Getting the grounder.sol Smart Contract Address
//Endpoint: http://127.0.0.1:5000/getcontract
app.post('/getcontract', function (req,res) {
if (typeof req.body.transactionid !== 'undefined'){
var transactionid = req.body.transactionid;
try{
var receipt = web3.eth.getTransactionReceipt(transactionid);
var obj = {"contractaddress":receipt.contractAddress};
res.setHeader('Content-Type', 'application/json');
res.status(200).send(JSON.stringify(obj));
}
catch (err) {
var obj = {"contractaddress":-1};
res.setHeader('Content-Type', 'application/json');
res.status(200).send(JSON.stringify(obj));;
}
}
else {
res.setHeader('Content-Type', 'application/json');
res.status(400).send(JSON.stringify({'result' : 'error', 'msg' : 'Please fill in transaction id'}));
}
});
Lines 80 to 100 declare the web service getcontract that accepts a transaction id and returns the corresponding smart contract address. This web service allows the user to find out if the transaction to create the grounder smart contract that he has executed in the previous step has completed successfully. When you provide the transaction id to this getcontract web service and receives a smart contract address, you know that the transaction has executed successfully.
Executing functions in Grounder.sol
function sendTransactionRaw(rawTx, res) {
var privateKey = new Buffer(key, 'hex');
var transaction = new tx(rawTx);
transaction.sign(privateKey);
var serializedTx = transaction.serialize().toString('hex');
web3.eth.sendRawTransaction(
'0x' + serializedTx, function(err, result) {
if(err) {
console.log(err);
var obj = {"transactionid":"-1"};
res.setHeader('Content-Type', 'application/json');
res.status(200).send(JSON.stringify(obj));
} else {
console.log(result);
var obj = {"transactionid":result};
res.setHeader('Content-Type', 'application/json');
res.status(200).send(JSON.stringify(obj));
}
});
}
The function sendTransactionRaw() is used to sign and send a transaction to the Ethereum blockchain. It returns the transaction id if this transaction is successfully sent, or -1 if it fails. We will use sendTransactionRaw() in the web services calls that follows. This function is declared from line 210 to 229.
End Ground
//Endpoint: http://127.0.0.1:5000/endground
app.post('/endground', function (req,res) {
if (typeof req.body.contractaddress !== 'undefined'){
var contractaddress = req.body.contractaddress;
try{
var txOptions = {
nonce: web3.toHex(web3.eth.getTransactionCount(address)),
gasLimit: web3.toHex(800000),
gasPrice: web3.toHex(20000000000),
to: contractaddress
}
var endTx = txutils.functionTx(interface, 'endGround', [Date.now()], txOptions);
sendTransactionRaw(endTx, res);
}
catch (err) {
console.log(err);
var obj = {"transactionid":"-1"};
res.setHeader('Content-Type', 'application/json');
res.status(200).send(JSON.stringify(obj));
}
}
else {
res.setHeader('Content-Type', 'application/json');
res.status(400).send(JSON.stringify({'result' : 'error', 'msg' : 'Please fill in contract address'}));
}
});
End Ground will execute the corresponding endGround function in the Grounder smart contract. It is declared from line 102 to 127. To call endGround, you provide the address of the Grounder smart contract that you have deployed.
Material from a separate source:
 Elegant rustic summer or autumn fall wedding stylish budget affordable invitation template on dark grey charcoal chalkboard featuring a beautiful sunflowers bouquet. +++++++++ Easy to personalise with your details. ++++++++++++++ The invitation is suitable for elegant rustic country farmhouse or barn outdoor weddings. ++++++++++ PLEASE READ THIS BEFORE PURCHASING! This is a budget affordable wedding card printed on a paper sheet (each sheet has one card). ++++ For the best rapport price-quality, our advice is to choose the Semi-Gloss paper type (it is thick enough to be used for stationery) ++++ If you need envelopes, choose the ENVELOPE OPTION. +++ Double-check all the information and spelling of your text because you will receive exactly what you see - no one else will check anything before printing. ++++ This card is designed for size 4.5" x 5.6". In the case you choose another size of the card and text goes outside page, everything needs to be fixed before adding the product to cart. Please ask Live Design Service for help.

In particular, these 2 lines will execute endGround by passing in the date and time at this moment that this function is is called and send it as a transaction to the Ethereum blockchain.
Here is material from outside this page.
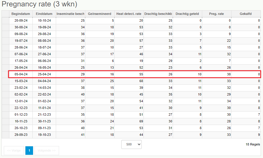 Onder Reproductie - Dracht- 01. Pregnancy rate staat een rapport met daarop de gemeten pregnancy rate op basis van een 3 weken periode.

var endTx = txutils.functionTx(interface, 'endGround', [Date.now()], txOptions);
sendTransactionRaw(endTx, res);
Call for help
//Endpoint: http://127.0.0.1:5000/callforhelp
app.post('/callforhelp', function (req,res) {
if (typeof req.body.contractaddress !== 'undefined'){
var contractaddress = req.body.contractaddress;
try{
var txOptions = {
nonce: web3.toHex(web3.eth.getTransactionCount(address)),
gasLimit: web3.toHex(800000),
gasPrice: web3.toHex(20000000000),
to: contractaddress
}
var endTx = txutils.functionTx(interface, 'callforhelp', [Date.now()], txOptions);
sendTransactionRaw(endTx, res);
}
catch (err) {
console.log(err);
var obj = {"transactionid":"-1"};
res.setHeader('Content-Type', 'application/json');
res.status(200).send(JSON.stringify(obj));
}
}
else {
res.setHeader('Content-Type', 'application/json');
res.status(400).send(JSON.stringify({'result' : 'error', 'msg' : 'Please fill in contract address'}));
}
});
Lines 129 to 154 is where callforhelp is written, and in the same way as endground. To execute callforhelp, you provide the address of the grounder smart contract that you have deployed.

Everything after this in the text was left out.